Sylvia began to tremble, but I answered firmly, “I’m afraid we couldn’t do that, not now. But perhaps later. Do you have a card?”

“Would you like to buy one of the little General’s? He’s our top seller.” The man gave me a conspiratorial smile as he handed over his card. “I bet you’re sweet on him, ain’t you?”

“Why on earth would you think such a thing?” I asked, insulted by his impertinence, and not inclined to hide it.

“Why, because—well, because. He’s a mighty handsome little man.”

“And I suppose I’m a mighty pretty little lady?”

“Sure! Why, sure you are!”

“And because he’s handsome and I’m pretty, we must make a match?”

“No, because you’re little and he’s little!”

“Really,” I said to Sylvia, who was watching me with her usual admiring, openmouthed smile. “The nerve!”

“Well, anyway,” the young man said with a shrug. “Take it for free.

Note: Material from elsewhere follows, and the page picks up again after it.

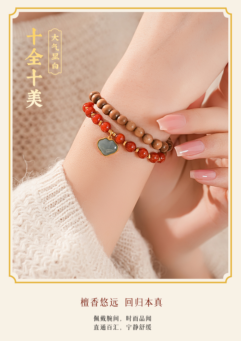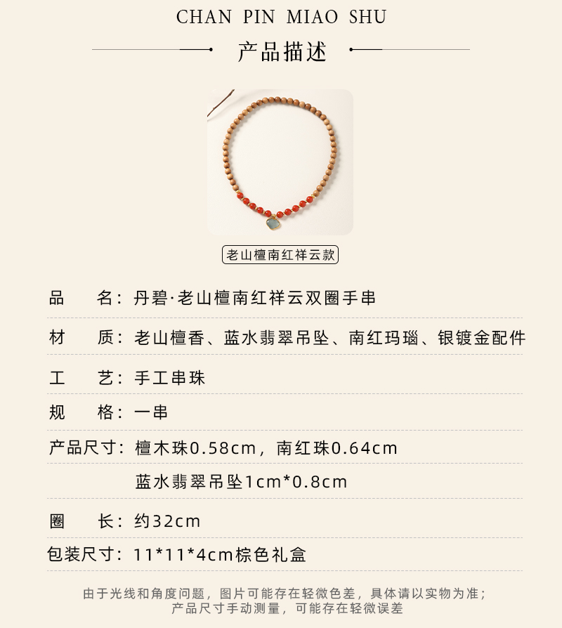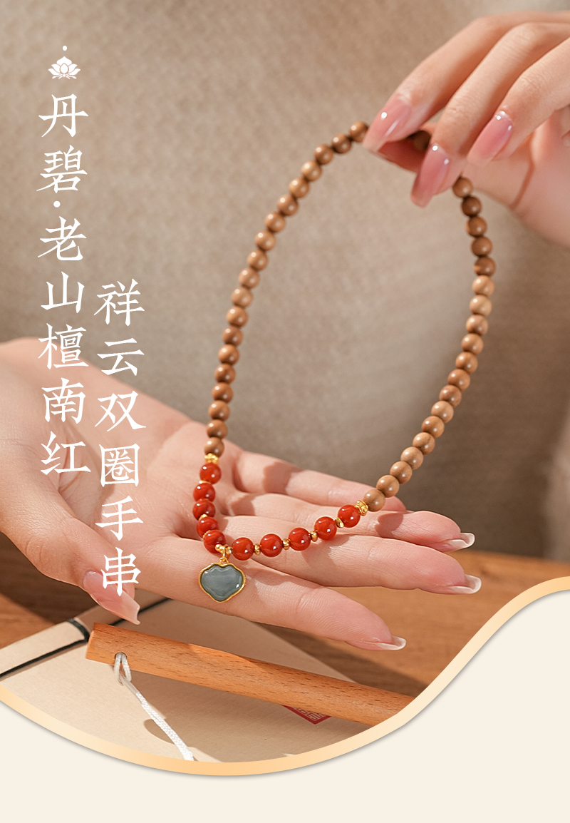 【丹碧·老山檀南红祥云双圈手串·带证书】敦煌福泽小众轻奢祈福老山檀手串

And come back if you change your mind about being photographed.”

“No, really, I couldn’t—”

“I’ll take it.” Sylvia held out her massive gloved hand. “That one.” She pointed to the photograph of General Tom Thumb in Highland dress. The young man placed the carte de visite into her hand with trembling fingers.

“Gosh” was all he could say as we left the store; a crowd of children, who had been pressed, nose first, against the store window while we were inside, scattered like frightened mice before us.

“I never saw anyone so rude,” I muttered as we began to walk back toward the river, the busy hum of activity drawing us like bees to a hive.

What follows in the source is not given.